EXERCISE OBJECTIVE = The listing below is to be copied exactly, with pictures excluded.

MATERIAL FOR THIS EXERCISE =

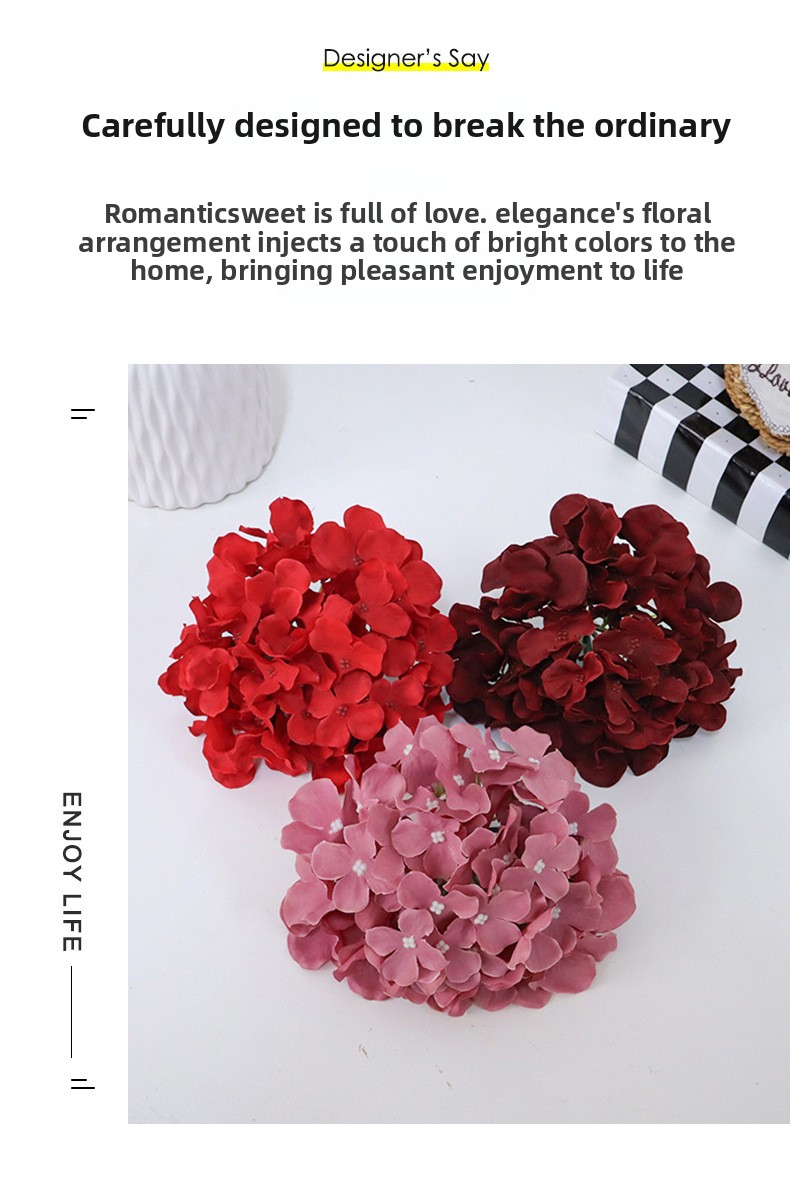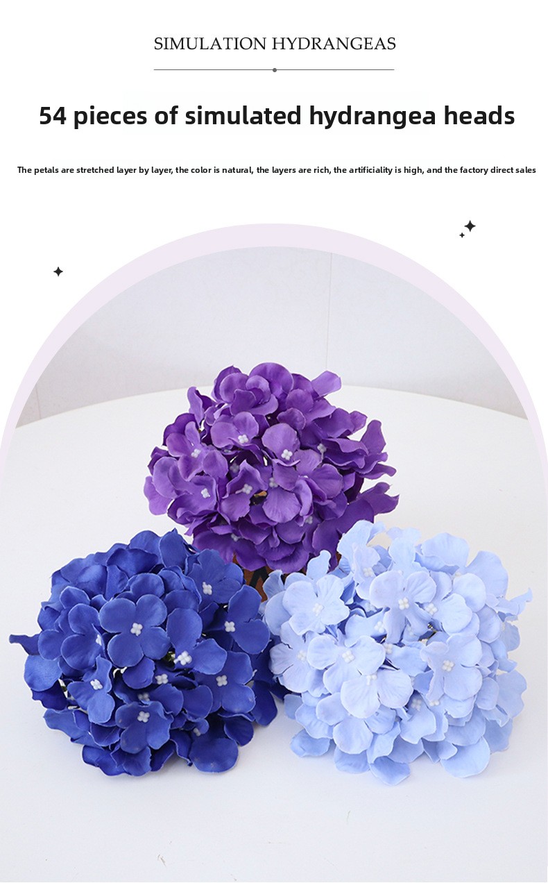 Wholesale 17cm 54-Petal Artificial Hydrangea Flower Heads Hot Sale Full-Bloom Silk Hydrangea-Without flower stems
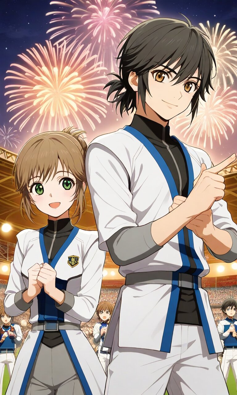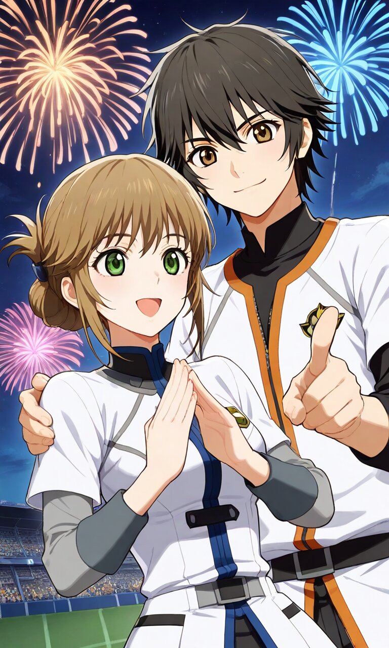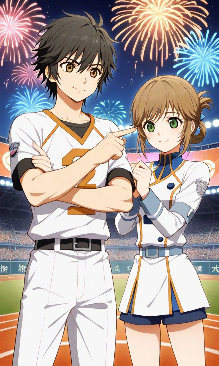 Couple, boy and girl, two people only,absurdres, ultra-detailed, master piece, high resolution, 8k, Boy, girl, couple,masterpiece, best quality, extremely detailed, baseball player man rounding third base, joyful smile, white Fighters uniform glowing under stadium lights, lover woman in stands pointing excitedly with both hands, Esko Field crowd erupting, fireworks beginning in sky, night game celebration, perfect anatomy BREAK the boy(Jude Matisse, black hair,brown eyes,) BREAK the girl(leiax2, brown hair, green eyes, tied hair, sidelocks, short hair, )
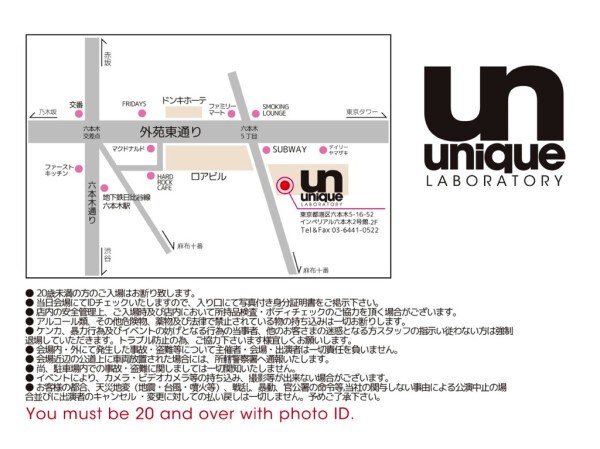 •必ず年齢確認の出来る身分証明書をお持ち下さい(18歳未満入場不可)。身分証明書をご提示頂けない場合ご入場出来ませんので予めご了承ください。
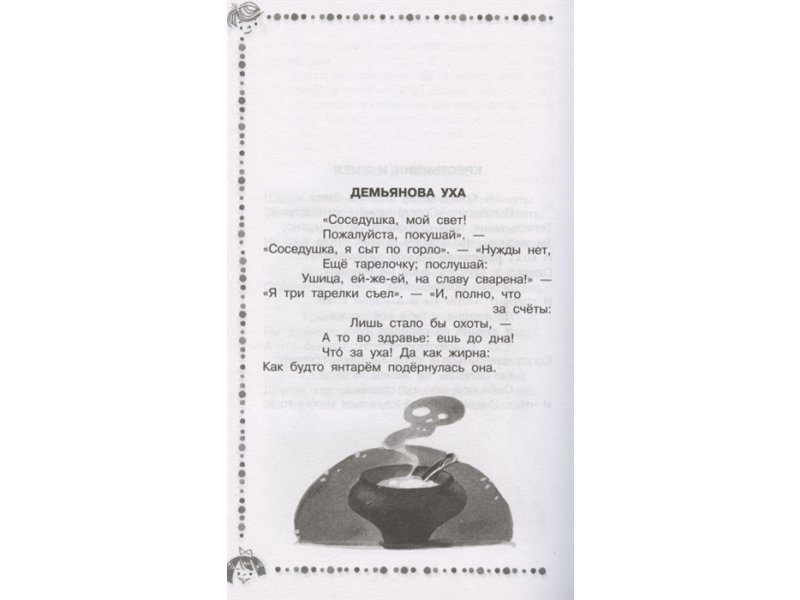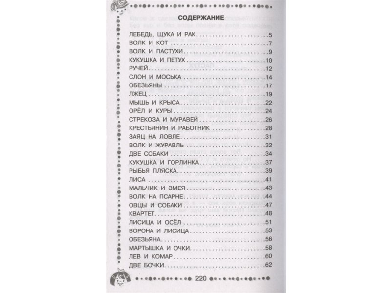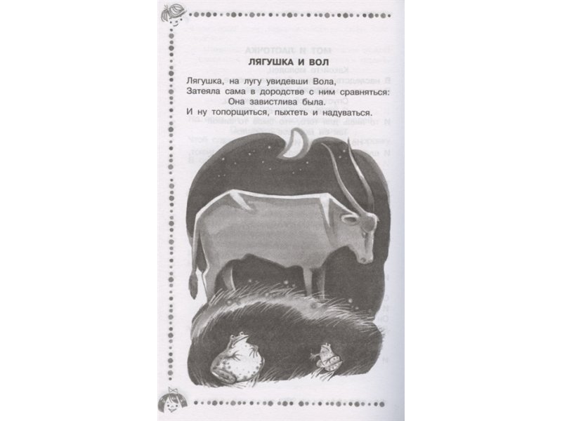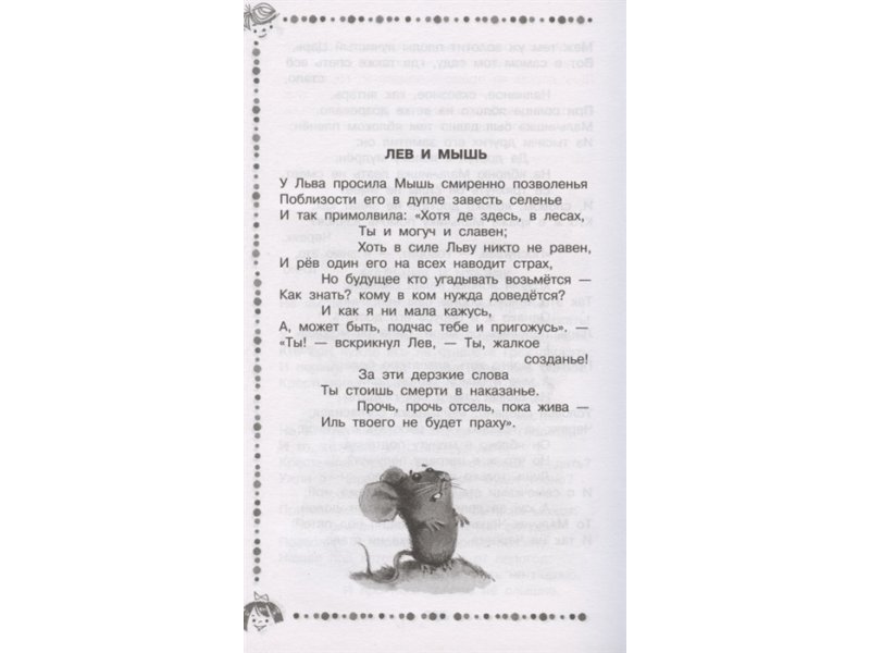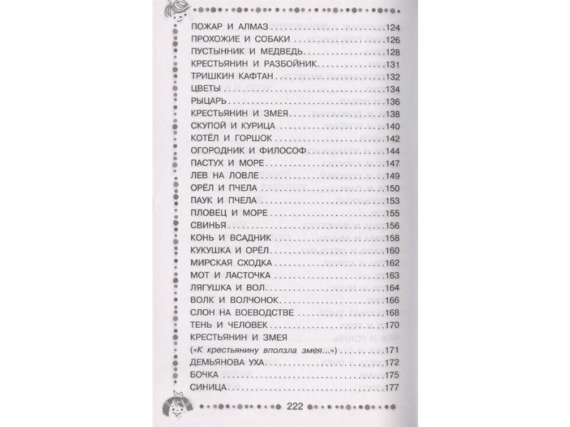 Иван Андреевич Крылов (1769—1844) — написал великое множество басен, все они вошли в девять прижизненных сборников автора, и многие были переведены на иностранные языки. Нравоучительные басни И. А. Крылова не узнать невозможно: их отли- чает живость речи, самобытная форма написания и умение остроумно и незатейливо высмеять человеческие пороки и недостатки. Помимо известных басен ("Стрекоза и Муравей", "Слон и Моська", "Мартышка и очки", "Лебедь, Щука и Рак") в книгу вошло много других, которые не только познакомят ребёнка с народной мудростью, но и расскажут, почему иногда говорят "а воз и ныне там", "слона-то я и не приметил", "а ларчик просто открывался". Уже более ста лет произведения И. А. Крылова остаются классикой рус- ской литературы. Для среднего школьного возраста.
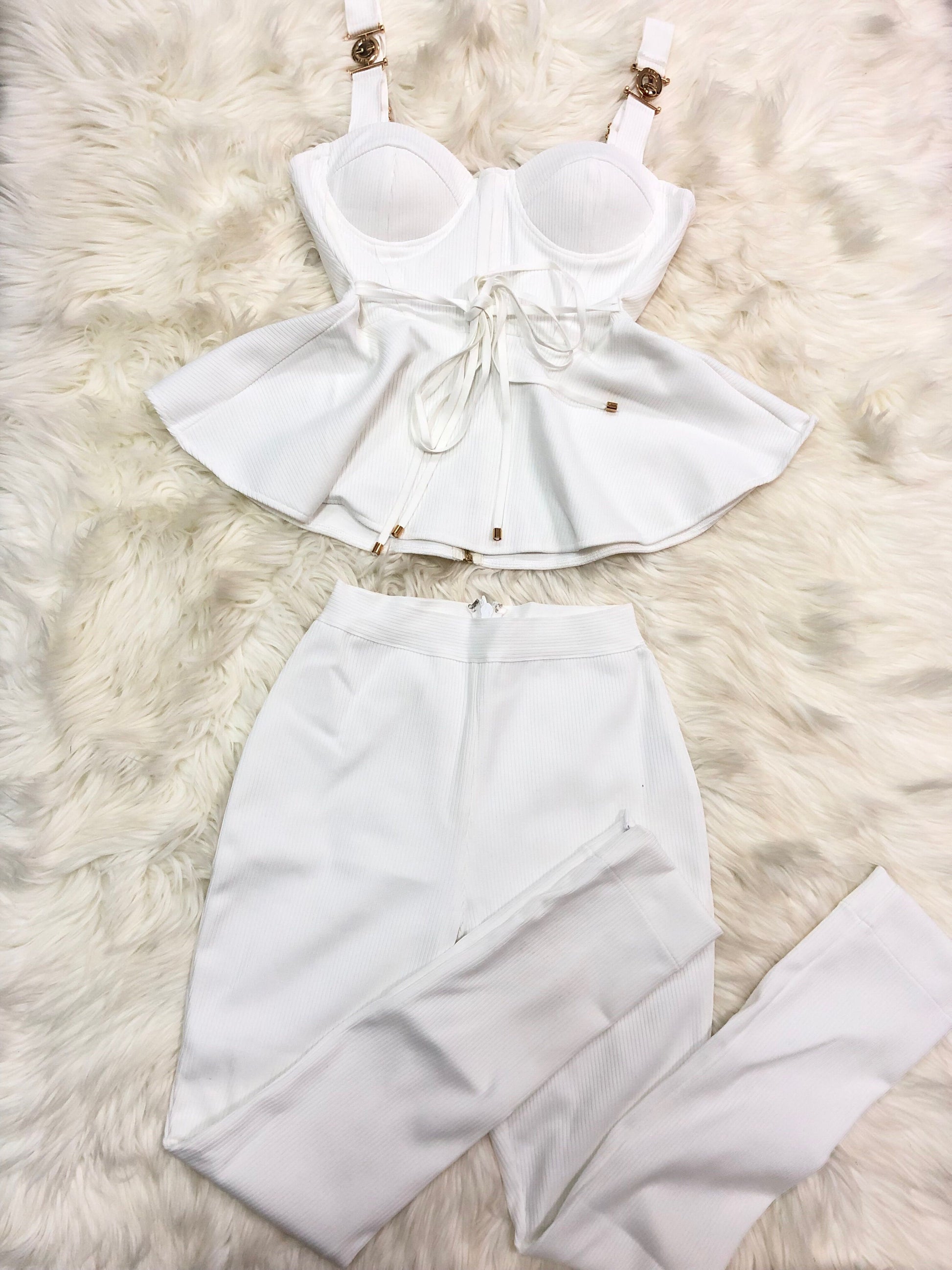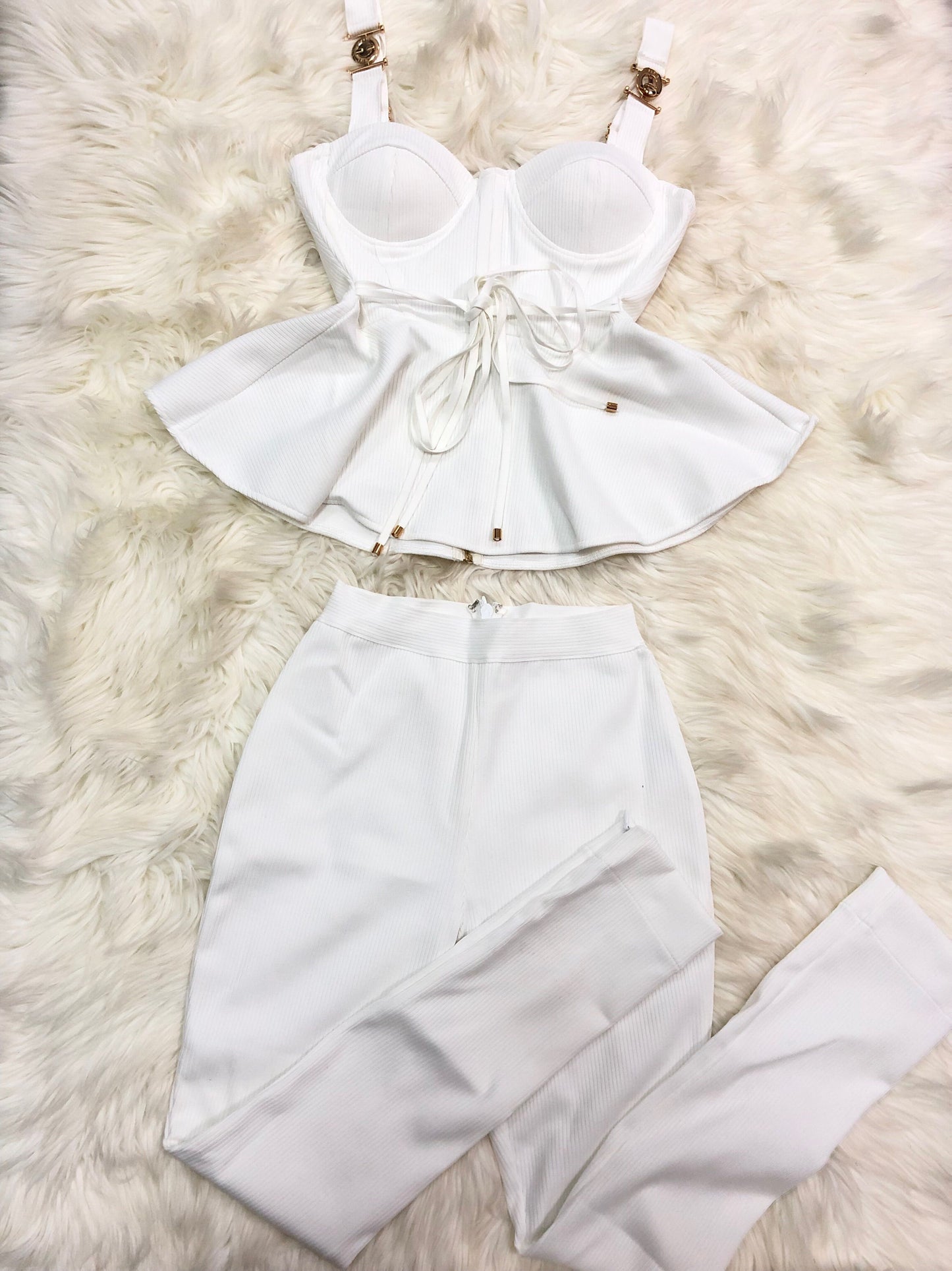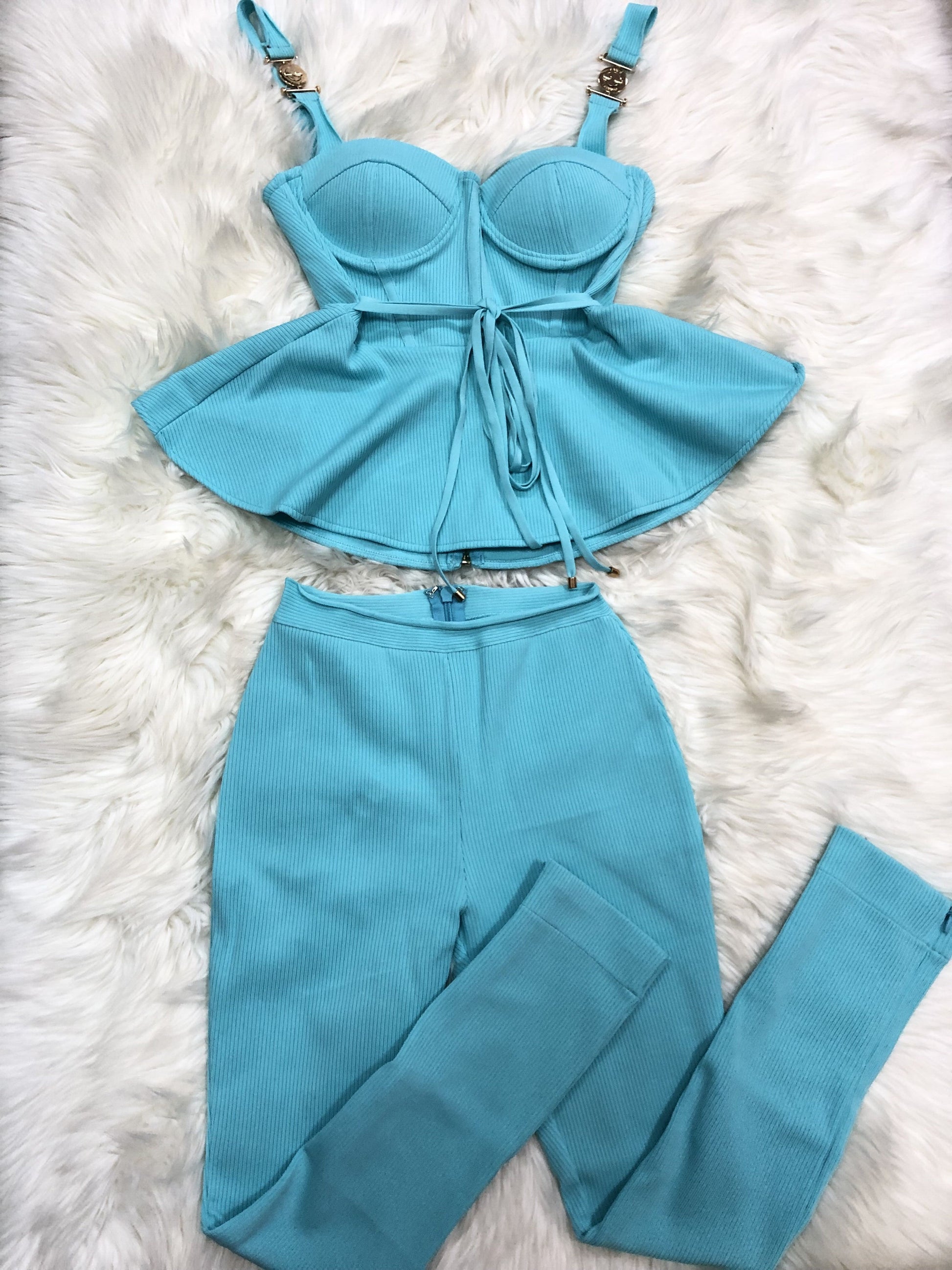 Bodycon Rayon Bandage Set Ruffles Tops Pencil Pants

RESPONSE FOR THIS EXERCISE =
 Wholesale 17cm 54-Petal Artificial Hydrangea Flower Heads Hot Sale Full-Bloom Silk Hydrangea-Without flower stems
 Couple, boy and girl, two people only,absurdres, ultra-detailed, master piece, high resolution, 8k, Boy, girl, couple,masterpiece, best quality, extremely detailed, baseball player man rounding third base, joyful smile, white Fighters uniform glowing under stadium lights, lover woman in stands pointing excitedly with both hands, Esko Field crowd erupting, fireworks beginning in sky, night game celebration, perfect anatomy BREAK the boy(Jude Matisse, black hair,brown eyes,) BREAK the girl(leiax2, brown hair, green eyes, tied hair, sidelocks, short hair, )
 •必ず年齢確認の出来る身分証明書をお持ち下さい(18歳未満入場不可)。身分証明書をご提示頂けない場合ご入場出来ませんので予めご了承ください。
 Иван Андреевич Крылов (1769—1844) — написал великое множество басен, все они вошли в девять прижизненных сборников автора, и многие были переведены на иностранные языки. Нравоучительные басни И. А. Крылова не узнать невозможно: их отли- чает живость речи, самобытная форма написания и умение остроумно и незатейливо высмеять человеческие пороки и недостатки. Помимо известных басен ("Стрекоза и Муравей", "Слон и Моська", "Мартышка и очки", "Лебедь, Щука и Рак") в книгу вошло много других, которые не только познакомят ребёнка с народной мудростью, но и расскажут, почему иногда говорят "а воз и ныне там", "слона-то я и не приметил", "а ларчик просто открывался". Уже более ста лет произведения И. А. Крылова остаются классикой рус- ской литературы. Для среднего школьного возраста.
 Bodycon Rayon Bandage Set Ruffles Tops Pencil Pants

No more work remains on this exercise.